For studying ecology, the children dressed as various tiny animals and walked in a procession: bumblebees, butterflies, lions and rabbits and frogs. The butterflies, with their yellow tutus and tights, wings of net and wire, looked especially light; they fluttered. The usual band thumped before them while mothers beamed. The children scuffed their colored slippers down to the park.

      The costumes were elaborate; fortunately they could be worn again the following day in the spring Lent Procession of Flowers. This time most of the bees and butterflies, heavily dependent on training wheels, pedaled their bicycles. It was wise a decision because the weather’s turned very hot. In the small park we think of as a WPA Project (because of the daily movement of rocks from one side to the other for the past four months) something new was installed: a faucet. Perhaps some day a fountain will grow around it. For the moment, it stands nude in the center of dry gravelly soil. I saw a woman wash her clothes in a bucket. A wire that might pass for a clothesline hung across the width of the area, but the woman didn't use it. She rinsed her garment and hung it on the faucet pipe to dry.

This is a country where everything is improvised. I don't believe they've yet come to the concept of the right angle. Our gas tanks fasten to gas tubes with wires, our lamps with some sort of glue. The landlady daily climbs up onto the roof with a garden hose to fill our twenty gallon water tank. The tank is rusty; grains of iron coat my scalp.

      So this leads me to explain that our Internet Service Provider vanished. No warning given; after four days of no response George went by bus to their office and found it locked, vacant. Phones disconnected. The office people upstairs know nothing.

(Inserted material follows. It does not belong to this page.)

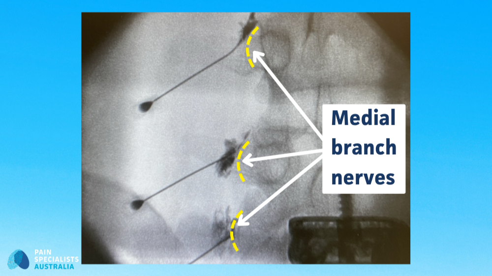 At Pain Specialists Australia, our experts confirm the diagnosis with a diagnostic medial branch block. Using live X-ray guidance, a small amount of anaesthetic is placed on the tiny nerves that supply the facet joints. If pain eases, it proves the joints are the true source and helps guide the next step in treatment.
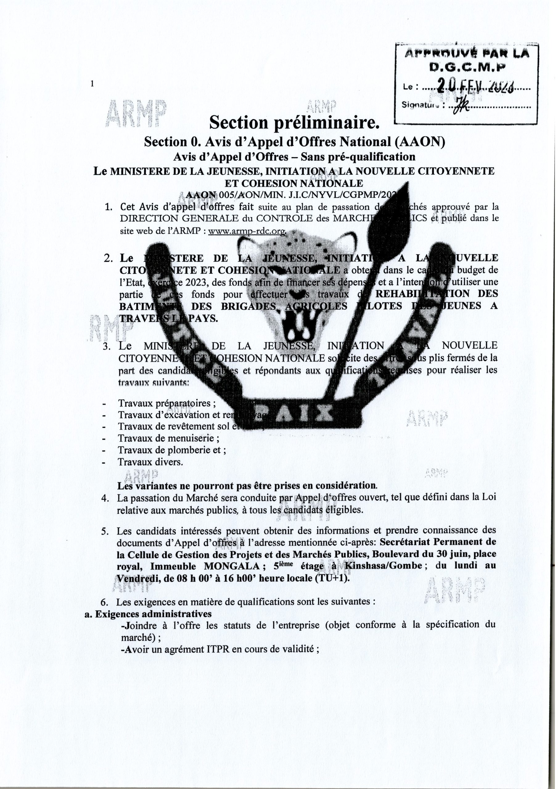 Réhabilitation des bâtiments des brigades agricoles pilotes des jeunes à travers le Pays.

      Yet again I change my e-mail address. This time, although our ISP is local, I've signed up with Yahoo, in hopes that it's longer lived and I can use it from either country. If you sent me anything from about March 10 onward, consider it lost in the ether. But of course I am not lost, nor is George, who at this moment sits outside beneath a large striped umbrella conversing in Spanish with our neighbor. No mint juleps.